Work to be completed »
Render every entry verbatim.

%%

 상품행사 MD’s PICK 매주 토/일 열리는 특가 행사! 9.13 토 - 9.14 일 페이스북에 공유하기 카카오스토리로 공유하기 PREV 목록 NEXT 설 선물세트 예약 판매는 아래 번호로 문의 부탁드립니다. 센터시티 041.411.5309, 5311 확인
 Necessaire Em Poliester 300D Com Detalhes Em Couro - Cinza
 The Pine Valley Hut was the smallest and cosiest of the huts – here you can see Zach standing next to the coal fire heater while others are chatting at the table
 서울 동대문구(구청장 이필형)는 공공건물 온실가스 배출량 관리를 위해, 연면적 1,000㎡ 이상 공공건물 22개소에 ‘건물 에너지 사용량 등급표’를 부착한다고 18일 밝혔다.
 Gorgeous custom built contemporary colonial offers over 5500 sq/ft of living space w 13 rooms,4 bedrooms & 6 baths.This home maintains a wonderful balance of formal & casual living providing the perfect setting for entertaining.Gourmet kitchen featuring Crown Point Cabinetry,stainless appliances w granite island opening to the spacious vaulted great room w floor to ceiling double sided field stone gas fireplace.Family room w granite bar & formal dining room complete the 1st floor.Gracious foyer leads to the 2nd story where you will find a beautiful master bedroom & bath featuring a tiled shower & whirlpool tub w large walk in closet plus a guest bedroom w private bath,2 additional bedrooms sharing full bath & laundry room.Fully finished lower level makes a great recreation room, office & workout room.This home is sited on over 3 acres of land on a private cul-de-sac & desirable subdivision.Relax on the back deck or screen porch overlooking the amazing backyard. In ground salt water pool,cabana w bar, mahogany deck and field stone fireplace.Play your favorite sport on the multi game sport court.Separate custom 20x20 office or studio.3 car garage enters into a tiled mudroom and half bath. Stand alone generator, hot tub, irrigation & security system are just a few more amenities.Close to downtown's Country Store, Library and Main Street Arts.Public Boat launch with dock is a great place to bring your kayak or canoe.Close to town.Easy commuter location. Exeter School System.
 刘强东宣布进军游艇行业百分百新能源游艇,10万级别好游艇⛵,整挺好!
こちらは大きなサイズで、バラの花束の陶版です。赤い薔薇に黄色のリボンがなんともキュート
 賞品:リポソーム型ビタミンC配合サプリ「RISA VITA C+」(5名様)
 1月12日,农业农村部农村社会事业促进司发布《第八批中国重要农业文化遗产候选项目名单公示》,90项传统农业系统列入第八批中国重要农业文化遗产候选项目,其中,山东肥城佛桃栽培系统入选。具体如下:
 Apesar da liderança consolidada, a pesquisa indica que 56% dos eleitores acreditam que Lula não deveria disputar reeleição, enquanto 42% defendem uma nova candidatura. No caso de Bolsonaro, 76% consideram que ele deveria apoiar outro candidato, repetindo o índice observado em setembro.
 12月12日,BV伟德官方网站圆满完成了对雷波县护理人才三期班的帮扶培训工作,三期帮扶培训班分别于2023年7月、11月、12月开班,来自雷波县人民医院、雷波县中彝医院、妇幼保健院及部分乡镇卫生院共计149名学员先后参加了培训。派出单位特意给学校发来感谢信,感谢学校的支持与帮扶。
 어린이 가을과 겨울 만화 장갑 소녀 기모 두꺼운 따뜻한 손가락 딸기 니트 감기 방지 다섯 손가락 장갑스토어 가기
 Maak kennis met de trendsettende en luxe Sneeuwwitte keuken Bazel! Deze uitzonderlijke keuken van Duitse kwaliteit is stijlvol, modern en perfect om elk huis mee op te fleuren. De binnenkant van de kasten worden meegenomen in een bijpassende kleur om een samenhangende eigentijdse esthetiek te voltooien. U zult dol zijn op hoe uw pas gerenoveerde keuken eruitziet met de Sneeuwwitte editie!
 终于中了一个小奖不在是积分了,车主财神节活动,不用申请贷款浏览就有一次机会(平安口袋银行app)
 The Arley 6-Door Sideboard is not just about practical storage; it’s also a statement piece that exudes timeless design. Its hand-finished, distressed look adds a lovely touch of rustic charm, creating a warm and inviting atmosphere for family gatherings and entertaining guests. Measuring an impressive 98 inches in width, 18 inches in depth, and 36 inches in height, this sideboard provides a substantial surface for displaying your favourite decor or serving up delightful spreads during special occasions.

%%

Solution to this exercise »
 상품행사 MD’s PICK 매주 토/일 열리는 특가 행사! 9.13 토 - 9.14 일 페이스북에 공유하기 카카오스토리로 공유하기 PREV 목록 NEXT 설 선물세트 예약 판매는 아래 번호로 문의 부탁드립니다. 센터시티 041.411.5309, 5311 확인
 Necessaire Em Poliester 300D Com Detalhes Em Couro - Cinza
 The Pine Valley Hut was the smallest and cosiest of the huts – here you can see Zach standing next to the coal fire heater while others are chatting at the table
 서울 동대문구(구청장 이필형)는 공공건물 온실가스 배출량 관리를 위해, 연면적 1,000㎡ 이상 공공건물 22개소에 ‘건물 에너지 사용량 등급표’를 부착한다고 18일 밝혔다.
 Gorgeous custom built contemporary colonial offers over 5500 sq/ft of living space w 13 rooms,4 bedrooms & 6 baths.This home maintains a wonderful balance of formal & casual living providing the perfect setting for entertaining.Gourmet kitchen featuring Crown Point Cabinetry,stainless appliances w granite island opening to the spacious vaulted great room w floor to ceiling double sided field stone gas fireplace.Family room w granite bar & formal dining room complete the 1st floor.Gracious foyer leads to the 2nd story where you will find a beautiful master bedroom & bath featuring a tiled shower & whirlpool tub w large walk in closet plus a guest bedroom w private bath,2 additional bedrooms sharing full bath & laundry room.Fully finished lower level makes a great recreation room, office & workout room.This home is sited on over 3 acres of land on a private cul-de-sac & desirable subdivision.Relax on the back deck or screen porch overlooking the amazing backyard. In ground salt water pool,cabana w bar, mahogany deck and field stone fireplace.Play your favorite sport on the multi game sport court.Separate custom 20x20 office or studio.3 car garage enters into a tiled mudroom and half bath. Stand alone generator, hot tub, irrigation & security system are just a few more amenities.Close to downtown's Country Store, Library and Main Street Arts.Public Boat launch with dock is a great place to bring your kayak or canoe.Close to town.Easy commuter location. Exeter School System.
 刘强东宣布进军游艇行业百分百新能源游艇,10万级别好游艇⛵,整挺好!
こちらは大きなサイズで、バラの花束の陶版です。赤い薔薇に黄色のリボンがなんともキュート
 賞品:リポソーム型ビタミンC配合サプリ「RISA VITA C+」(5名様)
 1月12日,农业农村部农村社会事业促进司发布《第八批中国重要农业文化遗产候选项目名单公示》,90项传统农业系统列入第八批中国重要农业文化遗产候选项目,其中,山东肥城佛桃栽培系统入选。具体如下:
 Apesar da liderança consolidada, a pesquisa indica que 56% dos eleitores acreditam que Lula não deveria disputar reeleição, enquanto 42% defendem uma nova candidatura. No caso de Bolsonaro, 76% consideram que ele deveria apoiar outro candidato, repetindo o índice observado em setembro.
 12月12日,BV伟德官方网站圆满完成了对雷波县护理人才三期班的帮扶培训工作,三期帮扶培训班分别于2023年7月、11月、12月开班,来自雷波县人民医院、雷波县中彝医院、妇幼保健院及部分乡镇卫生院共计149名学员先后参加了培训。派出单位特意给学校发来感谢信,感谢学校的支持与帮扶。
 어린이 가을과 겨울 만화 장갑 소녀 기모 두꺼운 따뜻한 손가락 딸기 니트 감기 방지 다섯 손가락 장갑스토어 가기
 Maak kennis met de trendsettende en luxe Sneeuwwitte keuken Bazel! Deze uitzonderlijke keuken van Duitse kwaliteit is stijlvol, modern en perfect om elk huis mee op te fleuren. De binnenkant van de kasten worden meegenomen in een bijpassende kleur om een samenhangende eigentijdse esthetiek te voltooien. U zult dol zijn op hoe uw pas gerenoveerde keuken eruitziet met de Sneeuwwitte editie!
 终于中了一个小奖不在是积分了,车主财神节活动,不用申请贷款浏览就有一次机会(平安口袋银行app)
 The Arley 6-Door Sideboard is not just about practical storage; it’s also a statement piece that exudes timeless design. Its hand-finished, distressed look adds a lovely touch of rustic charm, creating a warm and inviting atmosphere for family gatherings and entertaining guests. Measuring an impressive 98 inches in width, 18 inches in depth, and 36 inches in height, this sideboard provides a substantial surface for displaying your favourite decor or serving up delightful spreads during special occasions.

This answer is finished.